Proprio oggi, qui ed ora.

Stavi aspettandomi, penso.

E’ una salita, vero, ma io la discendo.

Quel mattino di maggio, Salita Santa Maria della Sanità era solo in discesa, fatta con “la stanchezza al culmine, lo svuotamento. Scendere è disfare la salita, scucire tutti i punti dove hai messo i passi. La discesa è una cancellazione. (Erri De Luca).

Quel cartello di marmo bianco mi aveva incoraggiata al ritorno, fiducioso e quotidiano, anche se ancora così faticoso.

Maria della Sanità mi aveva presa per mano.

Da allora, correndo in vespa per andare a scuola, quella discesa è diventata la mia preghiera del mattino. Ci sono tanti modi di pregare, di metterti in relazione con il Signore. Questa pandemia di certo ne ha scovati di nuovi, particolarissimi, a volte davvero inconsueti. Tutti preziosi. Ciascuno può essere davvero àncora di salvezza.

Guidando lungo la strada verso scuola, da quel giorno, Santa Maria della Sanità mi apre il cuore, ed i pensieri del mattino si mischiano a preghiere, tanto che non so distinguerne il confine. La famiglia, le preoccupazioni quotidiane, i desideri.

Poi incroci lo sguardo noto di qualcuno sulla via, qualche anziano che arranca già stanco, mamme che trascinano bambini, il benzinaio infreddolito, la badante stravolta che esce dal portone dopo la notte, il ragazzo che ti taglia la strada un po’ insolente col cellulare infilato nel casco. Per ognuno adesso lo sguardo rimane sotto questa custodia, quella di questa “Maria della Sanità”.

È la mia personale maratona questa, iniziata a maggio di un anno fa, e che ancora mi accompagna, mi incoraggia e sostiene. È diversa certo, ma rimane nello stesso identico spirito di quella proposta da papa Francesco. Una maratona in vespa verso scuola, ogni giorno, covid o non covid.

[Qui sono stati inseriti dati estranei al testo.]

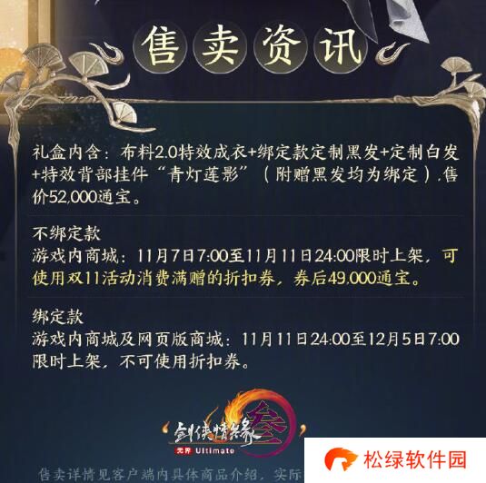 3、礼盒售价为52,000通宝,绑定款不可使用折扣券。

Tornare in classe quest’anno non è stato facile, i timori e le prescrizioni anti covid hanno appesantito moltissimo la naturalezza dello stare coi bambini. Ma non abbiamo perso un giorno, siamo stati accoglienti e presenti fino ad oggi e siamo riusciti ad arrivare a fine anno con una forza ed una resilienza unica.

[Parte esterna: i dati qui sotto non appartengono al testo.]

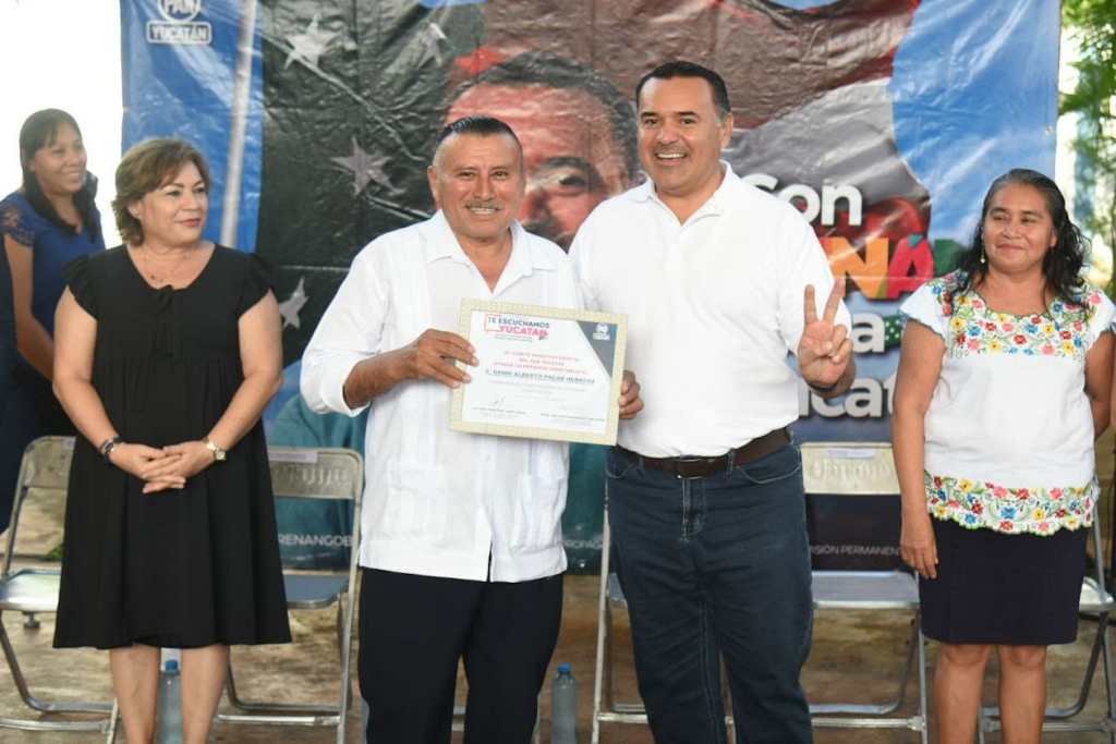 Finalmente, acompañado de Reina Cob Balam, presidenta del Comité Directivo Municipal de Yaxcabá, Barrera Concha entregó el certificado como coordinador del equipo Yucatán en el municipio a Genrry Pacab y lo felicitó por esta encomienda.

Il mio percorso quotidiano finisce in una minuscola piazzetta del centro storico. Piazzetta che di piazzetta non ha proprio nulla, come del resto tutte quelle della vecchia Genova. Slarghi tra le case strette, piccoli punti di sosta per tirare il fiato in salita, forse.

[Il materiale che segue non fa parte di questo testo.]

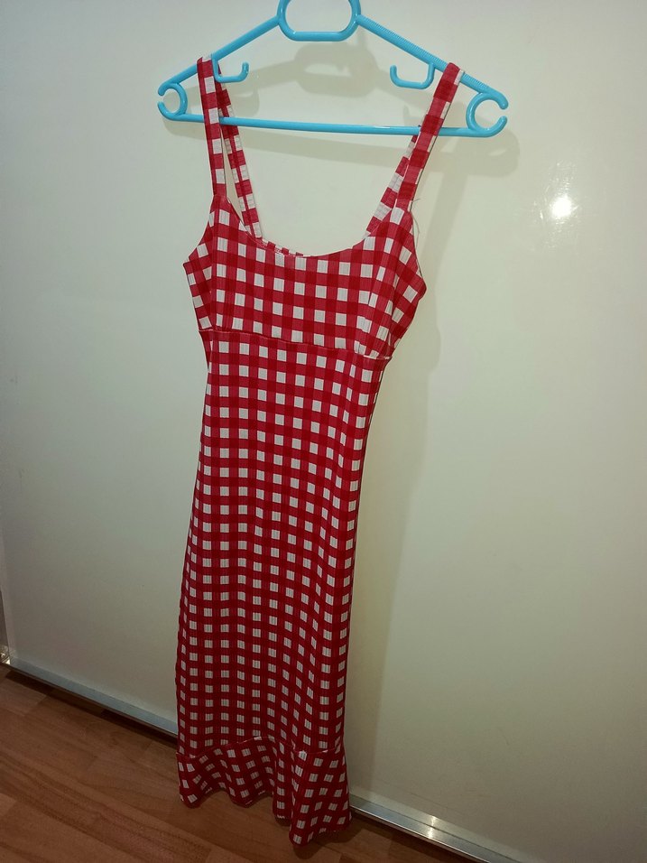 Kırmızı beyaz kareli, askılı, midi elbise. Hiçbir sorunu yok.

Posteggio sui ciottoli sconnessi della creuza proprio sotto una meravigliosa edicola votiva incastonata nel muro di un caseggiato. Al suo interno è ricoverato un affresco della Madonna col Bambino.

Ecco, mi sfilo il casco, le mani gelate cercano le tasche della giacca.

La mia preghiera del mattino si ferma dentro quell’abbraccio materno, delicato e bellissimo. Alla fine del mese di maggio diventerò nonna. La maratona si fa bellissima, Maria della Sanità è dentro un cammino che sa di coraggio e speranza, di umanità vera, donata.

 

Una replica a “Chi vespa, prega guidando”

  1. Francesca Vittoria vicentini ha detto:

    Ad andare pregando si va anche lontano, a Betlemme c’è la basilica Madonna del latte molto pregata da mamme in attesa ma anche per tutto quanto di vitale necessità. Oggi si prega in tutto il mondo un rosario che ha per fine il ritorno a sanità del corpo e dello spirito. Un invito diPapa Francesco e a me fa annoverare il ricordo di questa grotta, dove si narra che Maria dando il latte al Figlio due gocce sono cadute e la roccia da scura che era è divenuta bianca. Ancora oggi è meta di pellegrinaggio di quella polvere bianca per fede e preghiera molti hanno ricevuto grazie rese note ai Padri Francescani.che li dimorano. La potenza della intercessione della Madre è nota dal tempo diCanaan a oggi, Dio l’ha fatta regina del cielo e della terra, e Lei solerte è pronta ad accogliere ogni nostra supplica e a intercedere. E’ consolante questa vicinanza del cuore di Maria a quello del Figlio!quanto bisogno abbiamo del suo aiuto!